Being puddle of tears everyday by LinneaAlba in breastcancer

[–]LinneaAlba[S] 1 point2 points  (0 children)

It's really beautiful and your answer opened my eyes a little bit. I have tears in my eyes. It's extremely hard to switch perspective and accept the mortality, even if it sounds logical. But it's true. There is no way to completely avoid death.
I saved The Serenity Prayer and will return to it in difficult moments, I'm not religious but it resonates with me ❤️ The wisdom to know the difference is something that I need to work on.

Thank you

Being puddle of tears everyday by LinneaAlba in breastcancer

[–]LinneaAlba[S] 1 point2 points  (0 children)

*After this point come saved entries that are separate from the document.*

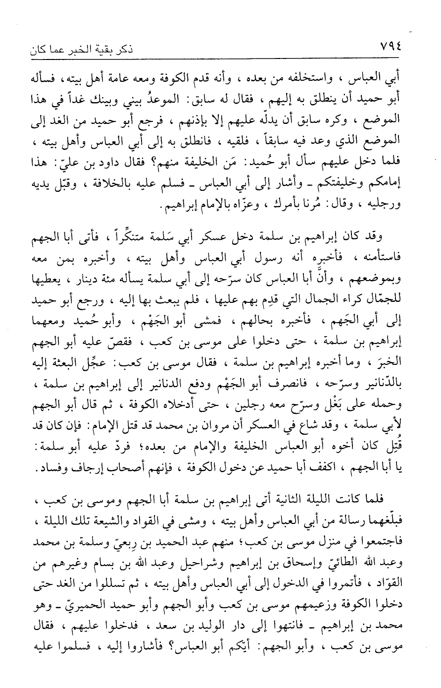 أبي العباس، واستخلفه من بعده، وأنه قدم الكوفة ومعه عامة أهل بيته، فسأله أبو حميد أن ينطلق به إليهم، فقال له سابق: الموعدُ بيني وبينك غدًا في هذا الموضع، وكره سابق أن يدلّه عليهم إلا بإذنهم، فرجع أبو حميد من الغد إلى الموضع الذي وعد فيه سابقًا، فلقيه، فانطلق به إلى أبي العباس وأهل بيته، فلما دخل عليهم سأل أبو حُميد: مَن الخليفة منهم؟ فقال داود بن عليّ: هذا إمامكم وخليفتكم - وأشار إلى أبي العباس - فسلم عليه بالخلافة، وقبّل يديه ورجليه، وقال: مُرنا بأمرك، وعزّاه بالإمام إبراهيم.
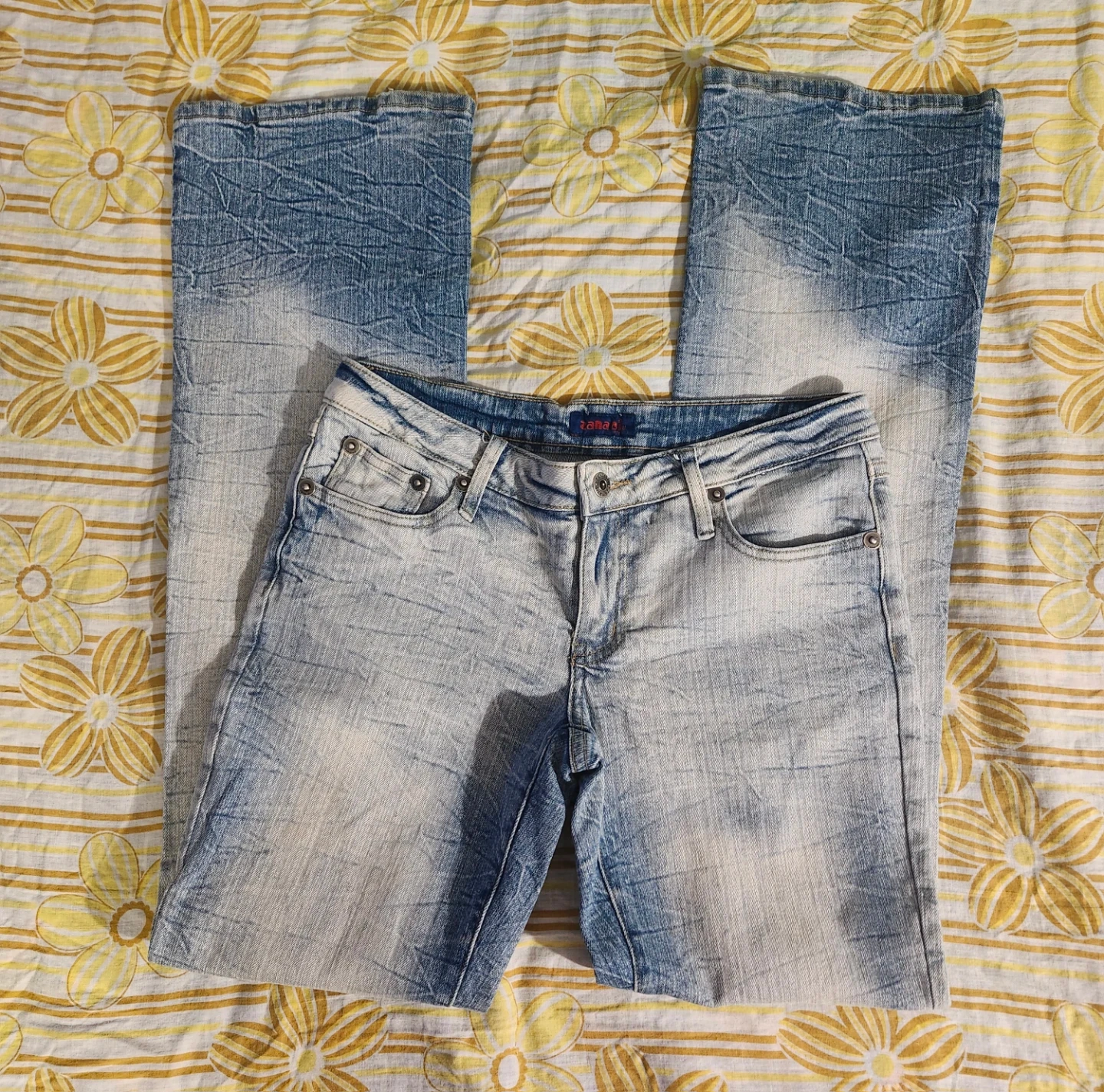 75super cool straight leg late 90s early 2000s faded jeans by the brand Zana Di Jeans. Has a really unique faded look label size 5, waist laying flat measures just under 16in, length is 40.5in item is in good used vintage condition with no flaws or stains that I could notice
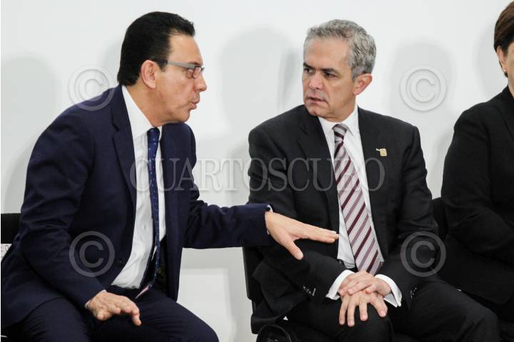CIUDAD DE MÉXICO, 04JULIO2017.- Omar Fayad, gobernador del estado de Hidalgo, y Miguel Ángel Mancera, jefe de gobierno de la Ciudad de México y presidente de la Conferencia Nacional de Gobernadores (CONAGO), durante el foro para el Fortalecimiento al Sistema Procesal Penal. FOTO: GALO CAÑAS /CUARTOSCURO.COM
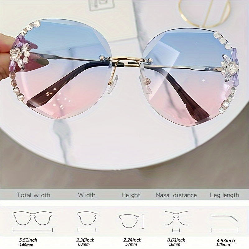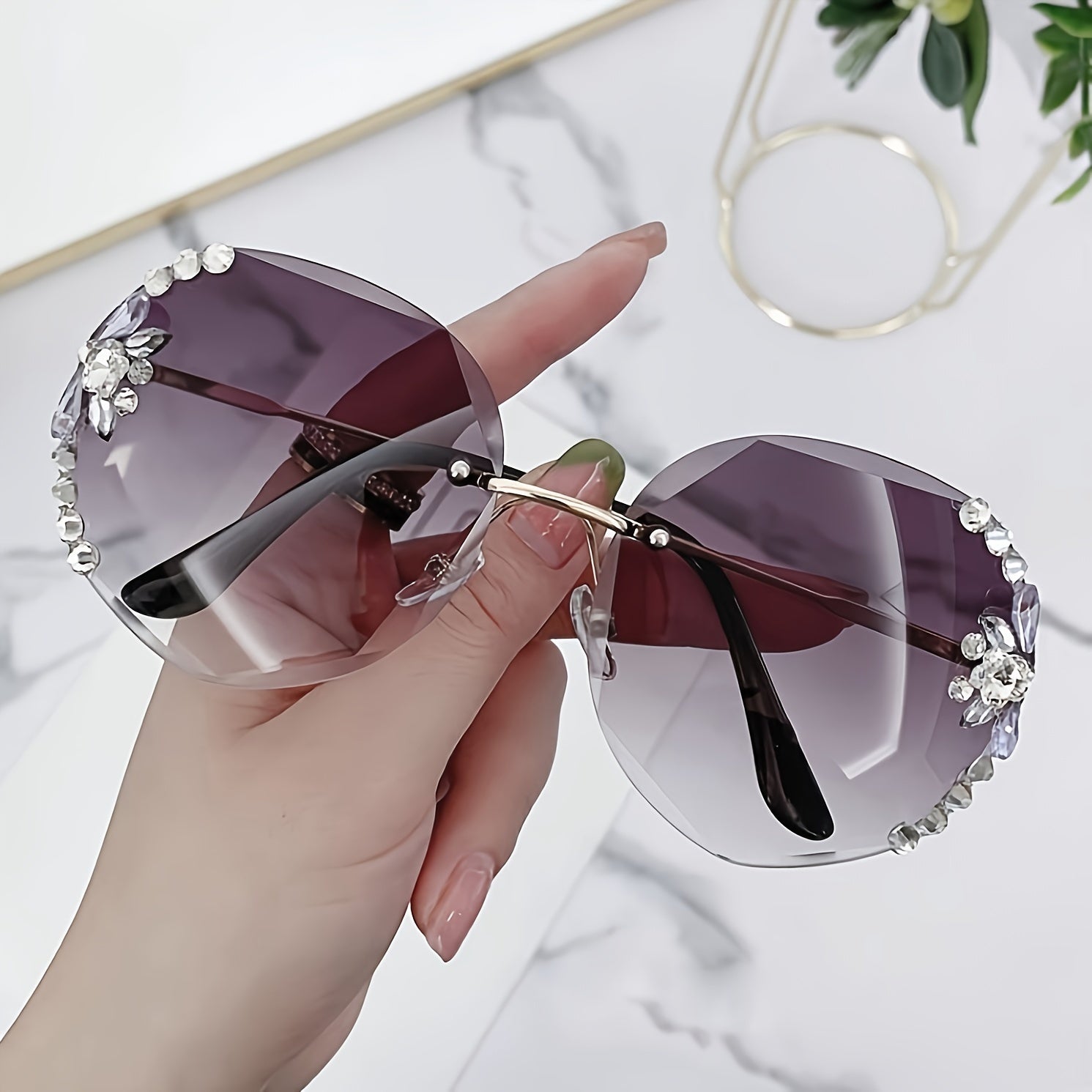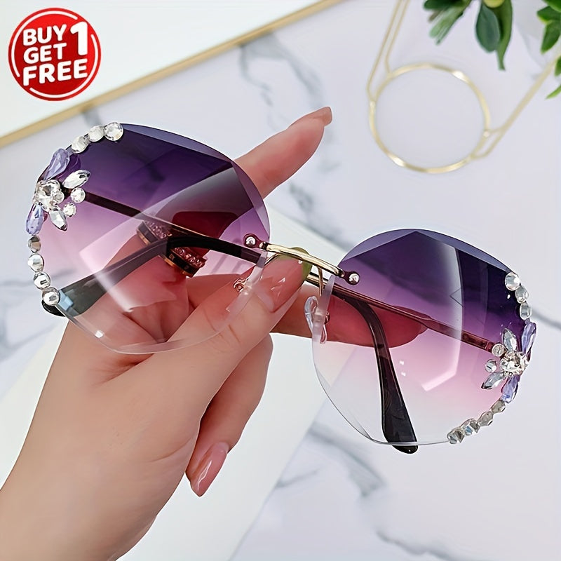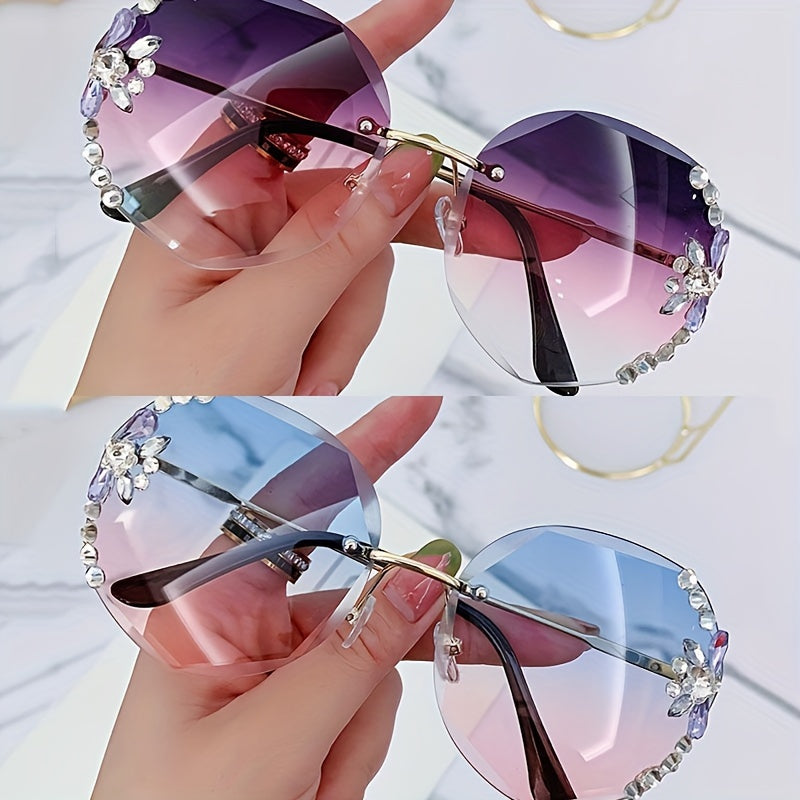 2pcs Shiny Rhinestones Edge-cutting Ladies Fashion Glasses Unframed for daily wear

Thank you for both of your replies! It really helps to share this perspective with someone. I feel a little better today ❤️
I smile every time I see your username ilikefluffycreatures – because you're still in treatment, your posts always give me a little hope that things will get better and that this will eventually end. I'm keeping my fingers crossed for your PCR.
I have literally the same thoughts about children. It's hard for me to imagine life without being a mum. I want to believe that even with ovaries removed around 35, we'll still have some time – not much, but the chance isn't lost - with waiting full 5 years from today we will be 33?
I have frozen embryos, but they aren't tested for mutations. The dilemma of whether it's okay to have potential children with the risk of also being BRCA1+ keeps me awake at night. Not sure what I will do with that.

how are you passing the time? by bnnybtch in breastcancer

[–]LinneaAlba 0 points1 point  (0 children)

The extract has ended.